BEGIN Data supplied
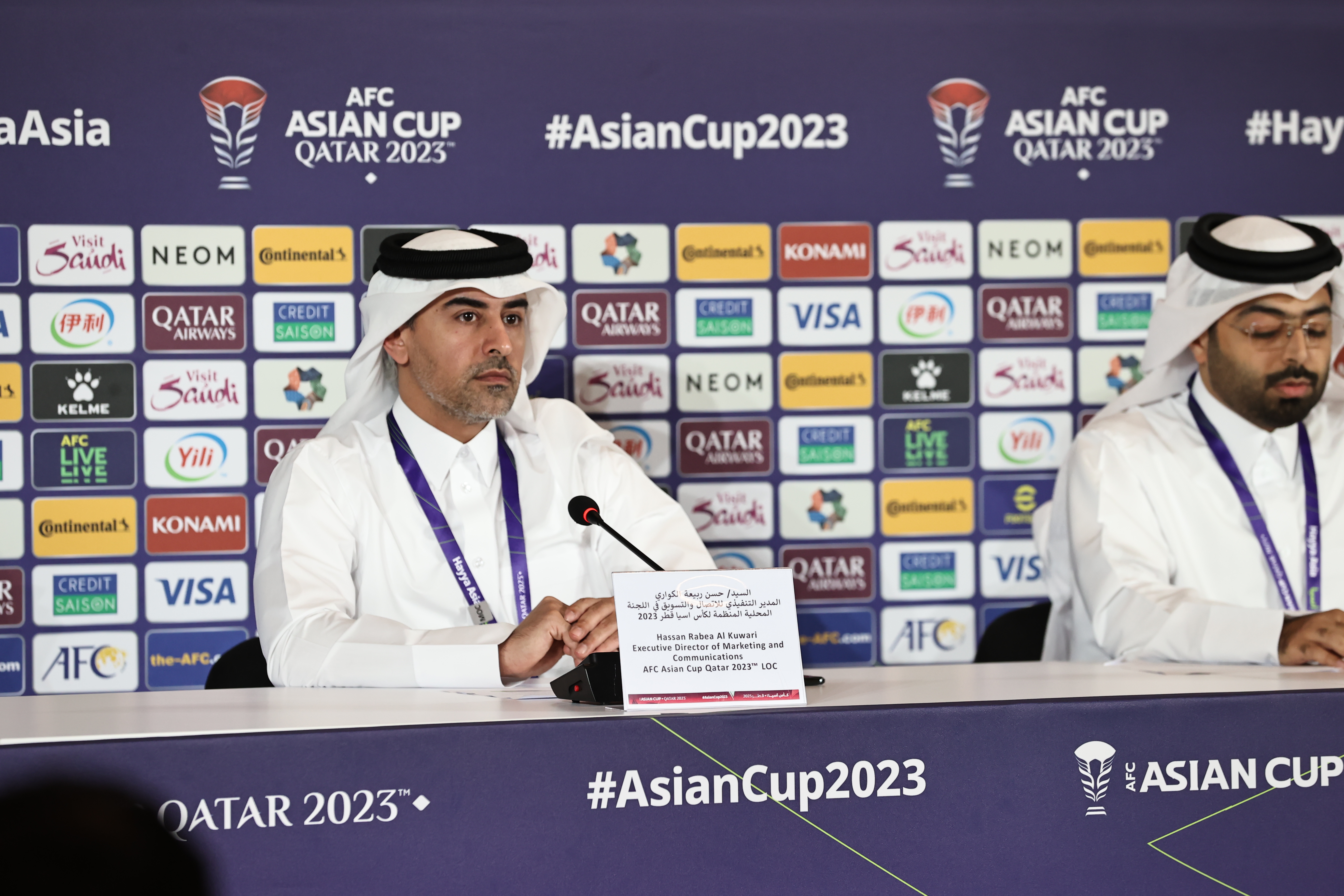وأكد حسن الكواري المدير التنفيذي للاتصال والتسويق في اللجنة المنظمة لكأس آسيا AFC قطر 2023، أن قطر في كامل الجاهزية لاستضافة درة البطولات القارية للمرة الثالثة في تاريخها والترحيب بالمشجعين من أنحاء المنطقة والعالم، جاء ذلك خلال المؤتمر الصحفي الذي عقد اليوم في المركز الإعلامي الرئيسي للبطولة . فبراير 2024.
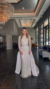The Aleena Bridal Embellished Pearl Crystal Beaded Gown With Detachable Overskirt is a stunning gown adorned with exquisite pearl and crystal sequin beadwork, ensuring you shine with every step. Perfect for making a grand entrance for your Big day as a bride to be, this dress combines timeless elegance with modern sophistication.
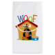 Um cachorro fofo com uma bola e um prato de comida, uma casa de cachorro, e texto colorido que lê WOOF em T-shirts, capuzes, canecas, bolsas, cartões, autocolantes, correntes-chave, botões, ímãs, conselhos de apagar a seco, capas e capas eletrônicas, placas de papel e guardanapos, e muitos outros itens de design de cães!
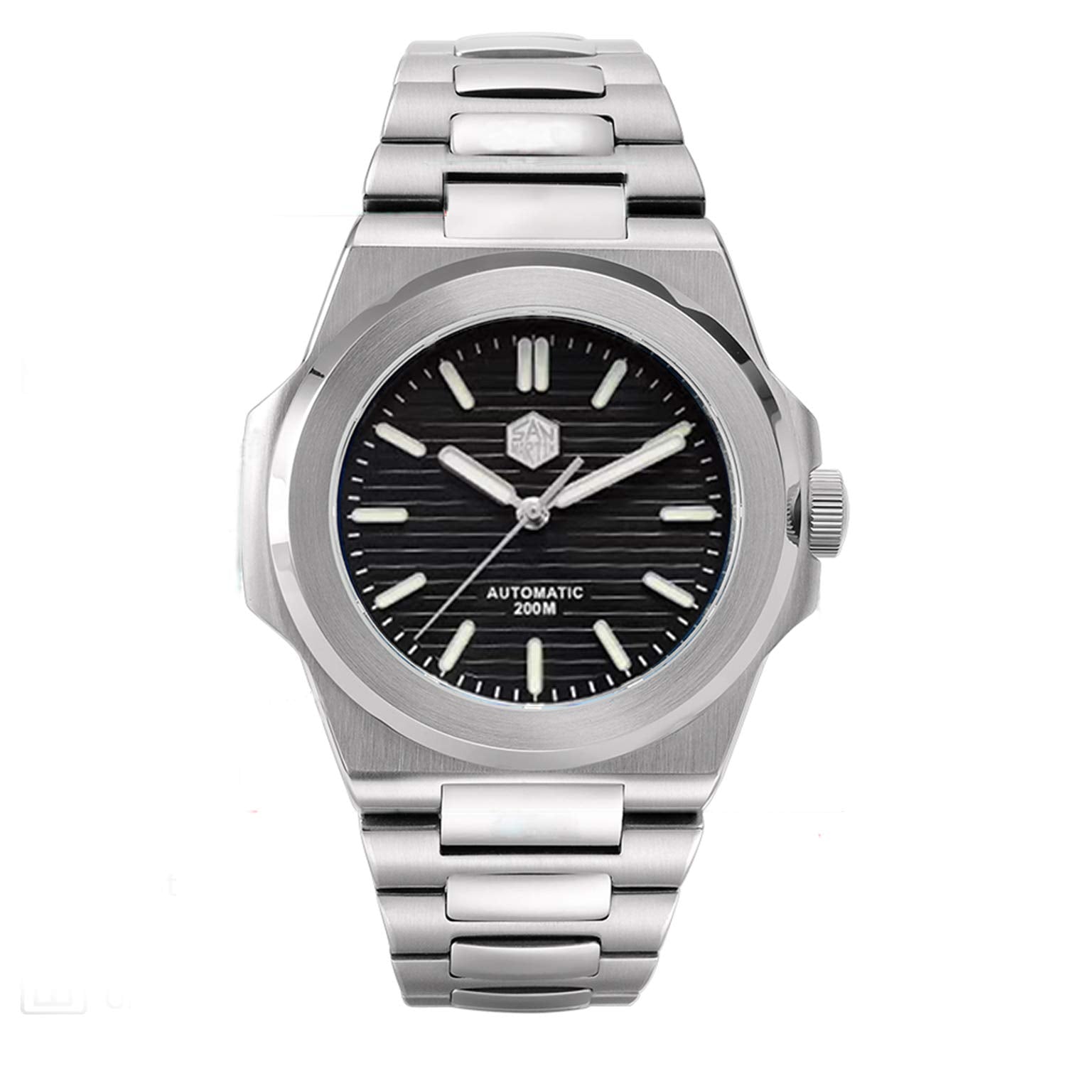 San Martin Classic Luxury Automatic Watches Sapphire Crystal 20ATM Stainless Steel Men Diving Mechanical Business Wrist watch Movement: PT5000/SW200 [automatic mechanical movement] Case: Material-316L Stainless Steel 42 mm in diameter Length 44 mm Thickness 11mm Band width 13 mm Glass: Sapphire Crystal Glass, Swiss AR Coating Dial Color: Blue/Black, 3D Hexagon Applique Logo,Horizontal Stripes Hands: Curved Hands Craft, Luminous Coating Luminous: BGW-9 Blue Light Crown: Screw-down Crown, Case Back: 316L Stainless Steel Solid Screw-down Case Back Strap: 316L Stainless Steel Solid Bracelet Clasp: Folding Clasp With Safety Water Resistant: 20Bar=200 meters
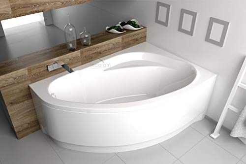 ECOLAM® Badewanne Wanne Eckwanne Eckbadewanne Acryl weiß Marea Polimat 160×100 cm RECHTS+ Schürze Ablaufgarnitur Ab- und Überlauf Automatik Füße Silikon Komplett-Set
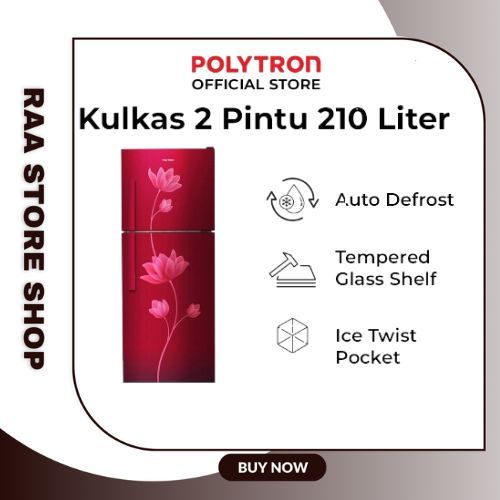 kulkas 2 pintu POLYTRON Kulkas 2 Pintu Belleza Varia 210 liter PRM 21DRX kulkas 2 pintu Tanpa Bunga Es
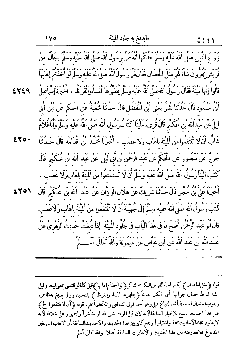 [4249] أَن لَا تنتفعوا الخ قيل هَذَا الحَدِيث نَاسخ للْأَخْبَار السَّابِقَة لِأَنَّهُ كَانَ قبل الْمَوْت شهر فَصَارَ مُتَأَخِّرًا وَالْجُمْهُور على خِلَافه لِأَنَّهُ لَا يُقَاوم تِلْكَ الْأَحَادِيث صِحَة واشتهارا وَجمع كثير بَين هَذَا الحَدِيث وَالْأَحَادِيث السَّابِقَة بِأَن الاهاب اسْم لغير المدبوغ فَلَا مُعَارضَة بَين هَذَا الحَدِيث وَالْأَحَادِيث السَّابِقَة أصلا وَالله تَعَالَى أعلم قَوْله أَمر أَي أذن وَرخّص أَن يسْتَمْتع على بِنَاء الْمَفْعُول قَوْله
END Data supplied
## Task instructions
Both the line containing "San Martin Classic" and the line containing "kulkas 2 pintu POLYTRON" above belong in the output, as do the lines between them. Print them exactly, without pictures.

## Task response
 San Martin Classic Luxury Automatic Watches Sapphire Crystal 20ATM Stainless Steel Men Diving Mechanical Business Wrist watch Movement: PT5000/SW200 [automatic mechanical movement] Case: Material-316L Stainless Steel 42 mm in diameter Length 44 mm Thickness 11mm Band width 13 mm Glass: Sapphire Crystal Glass, Swiss AR Coating Dial Color: Blue/Black, 3D Hexagon Applique Logo,Horizontal Stripes Hands: Curved Hands Craft, Luminous Coating Luminous: BGW-9 Blue Light Crown: Screw-down Crown, Case Back: 316L Stainless Steel Solid Screw-down Case Back Strap: 316L Stainless Steel Solid Bracelet Clasp: Folding Clasp With Safety Water Resistant: 20Bar=200 meters
 ECOLAM® Badewanne Wanne Eckwanne Eckbadewanne Acryl weiß Marea Polimat 160×100 cm RECHTS+ Schürze Ablaufgarnitur Ab- und Überlauf Automatik Füße Silikon Komplett-Set
 kulkas 2 pintu POLYTRON Kulkas 2 Pintu Belleza Varia 210 liter PRM 21DRX kulkas 2 pintu Tanpa Bunga Es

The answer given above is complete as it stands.